En 1964, Gysin fait une exposition personnelle à Tanger, présentée par William Burroughs . Les
grilles de Brion Gysin, qui combinent l'horizontalité de la graphie arabe et la verticalité de
l'écriture japonaise, servent souvent de support à ses propres textes ou à ceux de William
Burroughs, comme dans "The Third Mind" ("Le Tiers Esprit" : Flammarion).
La Machine à rêver
Inventée en 1969 par l'occultiste et inventeur de la méthode des cut-ups, Brion Gysin, en
collaboration avec le mathématicien Ian Sommerville, la Machine à rêver est la première machine
crée par l'homme à optimiser la connexion nerf optique - REM..

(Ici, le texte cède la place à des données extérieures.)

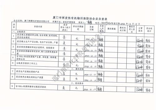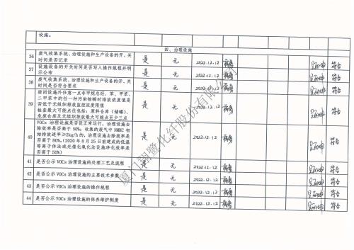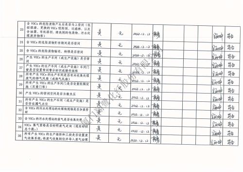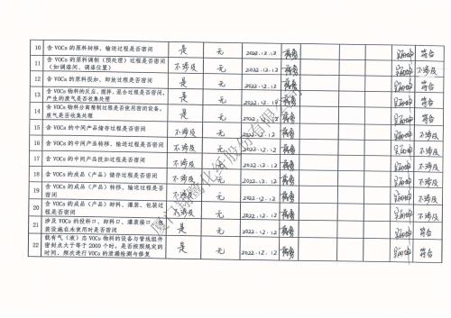 2022年第四季度揮發性有機物整治企業自查表

Ondes alpha : les élément d'Henri Corbin
Les effets de la Machine à rêver ont été décrits en détail au cours du XX° siècle par Henri Corbin
qui a rassemblé les données de théosophes du moyen âge dans son livre "L'Homme de Lumière
dans le soufisme iranien".
La vision de ces photismes lumineux y est associée au développement de l'organisme subtil, le
corps de résurrection:
"La physiologie de l'homme de lumière, dont la croissance s'accompagne de photismes colorés
ayant chacun une signification mystique précise, est solidaire d'une doctrine générale des couleurs
et de l'expérience même de la couleur."(p. 22)

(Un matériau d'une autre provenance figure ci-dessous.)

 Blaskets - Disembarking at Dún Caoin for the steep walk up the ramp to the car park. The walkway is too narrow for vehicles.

"Il semble que Najmodidîn Kobra soit le premier d'entre les maîtres du soufisme à avoir fixé son
attention sur les phénomènes de couleur, les photismes colorés, que le mystique peut percevoir au
cours de ses états spirituels. Ces lumières colorées, il s'est attaché à les décrire et à les interpréter en
tant qu'indices révélateurs de l'état du mystique et de son degré d'avancement spirituel. Quelquesuns des plus grands maîtres du soufisme iranien issus de cette école d'Asie centrale, notamment
Najm Dâyeh Razï, son disciple direct, et Alâoddawleh Semnani qui suit sa tarîqat (itinéraire
mystique), ont à leur tour illustré cette méthode expérimentale de contrôle spirituel, laquelle
implique en même temps une valorisation du symbolisme des couleurs et de leurs mutations...
Il ne s'agit pas de perceptions physiques; à plusieurs reprises, Najm Kobrâ fait allusion à ces
lumières colorées comme à quelque chose que l'on voit "en fermant les yeux". Il s'agit de quelque
chose qui ressortit à la perception d'une aura. Il y a, certes, affinité et correspondance entre
couleurs physiques et couleurs auriques (ou aurales, "aurorales"), en ce sens que les couleurs
physiques possèdent elles-mêmes une quantité morale et spirituelle à laquelle correspond, "avec
laquelle symbolise", ce qu'exprime l'aura. C'est précisément cette correspondance, ce symbolisme,
qui permet à un maître spirituel de disposer d'un moyen de contrôle par lequel discriminer ces
perceptions suprasensibles de ce que nous appellerions aujourd'hui des "hallucinations".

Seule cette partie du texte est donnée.